The average accuracy of the proposed DTW algorithm is 93.63% for smartphone-based recognition and 98.64% for Kinect-based one respectively on a 30-gesture vocabulary. The algorithm is user dependant, thus requires its users to train their own gestures to perform the best. From our analysis it is derived that it is enough with three repetitions to get nearly the best recognition accuracy. In the case of the mobile device, the algorithm also enables the user to hold the phone in his preferred manner.

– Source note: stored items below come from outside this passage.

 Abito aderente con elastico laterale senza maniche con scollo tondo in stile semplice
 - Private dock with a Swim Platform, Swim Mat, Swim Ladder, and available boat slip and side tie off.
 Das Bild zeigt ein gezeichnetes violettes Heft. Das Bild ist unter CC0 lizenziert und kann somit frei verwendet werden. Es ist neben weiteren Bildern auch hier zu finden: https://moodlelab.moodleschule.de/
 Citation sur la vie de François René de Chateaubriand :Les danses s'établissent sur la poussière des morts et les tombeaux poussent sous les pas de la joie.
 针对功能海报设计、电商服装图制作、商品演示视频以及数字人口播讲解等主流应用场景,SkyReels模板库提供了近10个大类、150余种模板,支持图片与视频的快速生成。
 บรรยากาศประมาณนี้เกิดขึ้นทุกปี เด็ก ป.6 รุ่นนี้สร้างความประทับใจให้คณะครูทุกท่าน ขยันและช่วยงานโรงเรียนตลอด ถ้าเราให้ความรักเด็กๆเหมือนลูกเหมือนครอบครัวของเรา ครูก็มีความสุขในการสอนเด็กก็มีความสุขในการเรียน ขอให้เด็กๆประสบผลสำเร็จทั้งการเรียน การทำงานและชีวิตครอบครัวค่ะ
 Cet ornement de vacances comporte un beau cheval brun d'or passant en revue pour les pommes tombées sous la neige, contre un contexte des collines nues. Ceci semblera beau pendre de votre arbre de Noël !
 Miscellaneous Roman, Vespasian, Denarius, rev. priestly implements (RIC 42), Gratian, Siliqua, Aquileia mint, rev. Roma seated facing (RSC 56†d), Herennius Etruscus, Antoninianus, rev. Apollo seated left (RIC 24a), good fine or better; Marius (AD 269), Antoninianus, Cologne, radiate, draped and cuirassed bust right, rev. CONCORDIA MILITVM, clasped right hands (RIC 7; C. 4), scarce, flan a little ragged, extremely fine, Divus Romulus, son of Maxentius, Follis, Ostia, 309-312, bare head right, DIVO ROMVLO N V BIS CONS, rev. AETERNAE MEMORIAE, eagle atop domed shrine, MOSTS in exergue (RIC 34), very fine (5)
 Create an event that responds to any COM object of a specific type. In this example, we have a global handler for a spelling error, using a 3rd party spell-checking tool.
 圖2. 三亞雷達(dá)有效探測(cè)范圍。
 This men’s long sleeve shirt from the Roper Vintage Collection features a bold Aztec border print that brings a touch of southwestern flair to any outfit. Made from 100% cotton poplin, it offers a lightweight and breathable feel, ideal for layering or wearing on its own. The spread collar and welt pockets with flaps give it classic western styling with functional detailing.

Thus, beyond the interaction method, the developed solution comes to be an effective, versatile and personalizable option to integrate gesture recognition for non-critical applications.

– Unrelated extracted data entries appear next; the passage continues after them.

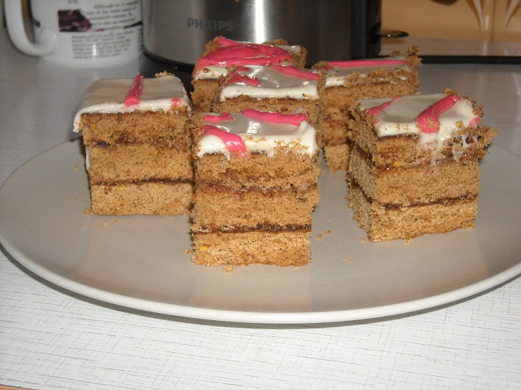 Смазать нижний и средний коржи подогретым сливовым повидлом (конфитюром). Я брала сливовый конфитюр и варенье из айвы (кусочки айвы порезала помельче). Накрыла пряник бумагой, сверху противень и поставила под гнет на 3-4 дня.
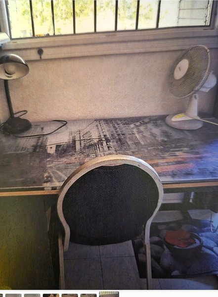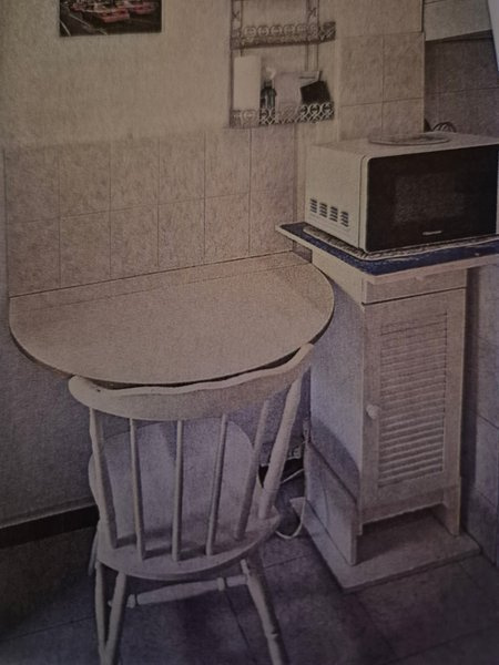 Le studio est meublé avec vaisselle, table, plaque, micro-onde, lit 1 place, réfrigérateur, chevet, 2 chaises, bureau et armoire.
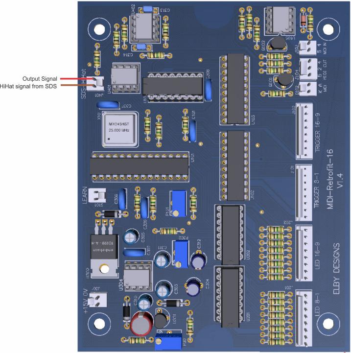 From PCB Revision 1.4 onwards the MIDI-Retrofit 16 includes an additional circuit designed to work with the SDS Hi-Hat module.
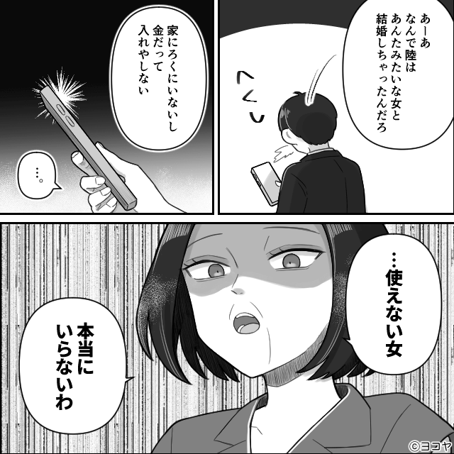 今回は『夫が海外出張中、義母の“本性”がむき出しになった話』を紹介します。 義母の嫁いびりに限界を感じ、ベビーカメラを使って反撃を決意した主人公。 それから1週間後、義母に「今月の生活費の30万は?」と言われ…。 義母に追加で20万円の生活費を求められ、困惑する主人公。 義母は「こっちは家に住まわせてんのよ?」と、自分の私利私欲のためのお金を主人公にたかります。 そのため主人公が「同居はお義母さんが頼んできたんじゃないですか!」と言い返すと、義母は怒って「使えない女。本当にいらないわ」とひどい発言をしたのでした。
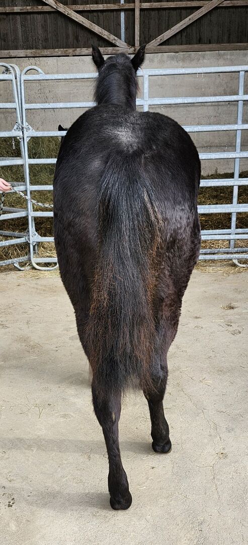 Drifts To The Future ist ein bildhübscher American Quarter Horse Hengstjährling, geboren am 05.06.2025. Er ist schwarz (black) mit nur wenigen Stichelhaaren an der Stirn und genetisch homozygot black sowie homozygot agouti. Die AQHA-Papiere sind beantragt, das zu erwartende Endmaß liegt bei ca. 162 cm. Der junge Hengst überzeugt durch ein korrektes Gebäude, eine sehr gute Entwicklung, ausgewogene Bemuskelung und starke Knochen. Midnight wird später auch größere Reiter problemlos abdecken können. Seine Grundgangarten sind gut und taktsicher, er lernt schnell und bringt ein ausgeglichenes, angenehmes Temperament mit. Charakterlich ist Midnight ein echtes Goldstück. Er ist sehr menschenbezogen, stets freundlich, ruhig und gelassen und meist der Erste, der einen am Weidetor begrüßt. Er möchte gefallen, ist sehr brav im Umgang und zeigt sich jederzeit kooperativ. Er wächst im Herdenverband auf, kennt das Fohlen-1x1, ist halfterführig und kennt sowohl Tierarzt als auch Hufschmied. Er ist gesund, regelmäßig entwurmt und 6-Panel n/n getestet. Abstammungsmäßig ist er etwas ganz Besonderes: Er ist der einzige Sohn von Drifts Chip in Europa und stammt aus der berühmten 6666 Ranch-Blutlinie, die weltweit für Vielseitigkeit, Leistungsbereitschaft und Rittigkeit bekannt ist. Damit ist er nicht nur für Freizeit und Turniersport, sondern auch für die Zucht hochinteressant. Ob als zukünftiges Showpferd, Sportpartner oder zuverlässiger Freizeitbegleiter - mit seinem Potenzial für verschiedene Disziplinen und seinem außergewöhnlich lieben Charakter ist Drifts To The Future ein echtes Versprechen für die Zukunft.
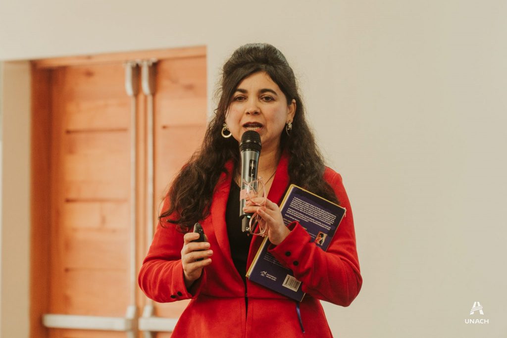 Al finalizar su presentación reconoció ser ex Alumna de la UNACH y realizó entrega del libro Al encuentro de la Infancia, cuentos infantiles y juveniles al académico Osvaldo Caro Caro, en señal de gratitud por el espacio de intercambio de experiencias y prácticas pedagógicas para mejorar la compresión lectora.
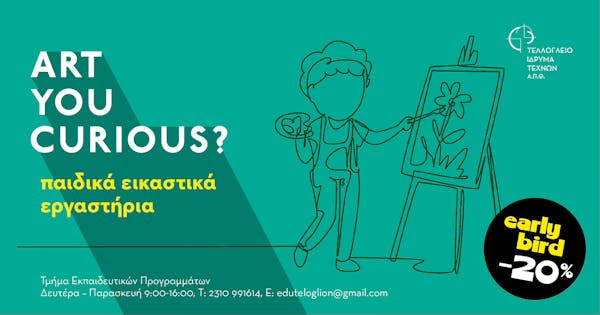 Άρχισαν οι εγγραφές με early bird -20% μέχρι 31 Ιουλίου, για τον νέο κύκλο των εικαστικών εργαστηρίων για παιδιά και εφήβους στο Τελλόγλειο Ίδρυμα Τεχνών Α.Π.Θ, που ξεκινά στις 4 & 5 Οκτωβρίου!

Confusion matrix about detection of directional movements based on Kinect
Confusion matrix about detection of small letters based on Kinect
Confusion matrix about detection of capital letters based on Kinect
Confusion matrix about detection of directional movements based on phone
Confusion matrix about detection of small letters based on phone
Confusion matrix about detection of capital letters based on phone
Our further work is focused on performing a user evaluation of the interaction method, to understand how the users will react to the possibility of commanding their daily space using the proposed grammar. Additionally, these user testing will also serve to enhance interfaces and explore the user’s feelings towards hybrid interactions, apart from retrieving feedback on how the user feel at the different stages of the process. We have perceived from the tests that users easily feel fatigue in the training. The strategy to optimize training proposed in Section 5.2.4 will be further investigated.
Footnotes
Acknowledgements
This work has being supported by the Government of Madrid under grant S2009/TIC-1485. The authors also acknowledge fruitful related discussions within the THOFU initiative, financed by the Spanish Center for the Development of Technology (CDTI). Additionally, the authors want to thank members of the Data Processing and Simulation Group for their help to build the testing datasets.
Confusion matrices
This part lists the confusion matrices of gestures in the three groups of our vocabulary: directional movements, small letters and capital letters. The first three tables are test results based on Kinect data and the latter three are based on phone data.
Handwriting of letters
Figure 17 is a scanned copy of the handwritings of the capital letters and small letters of our gesture vocabulary, written by several colleagues in our laboratory. It is observed that different persons wrote the same letter in various manners and one person may write different letters in similar, confusing way, such as the case of ‘D’ and ‘P’. It can be seen that the forms of capital letter handwriting vary a little while the forms of small letters change much more from one user to another such as ‘a’, ‘r’, ‘f’. The order as well as the direction of strokes of some letters also changes among the users, like ‘T’, ‘R’, ‘M’ and ‘d’.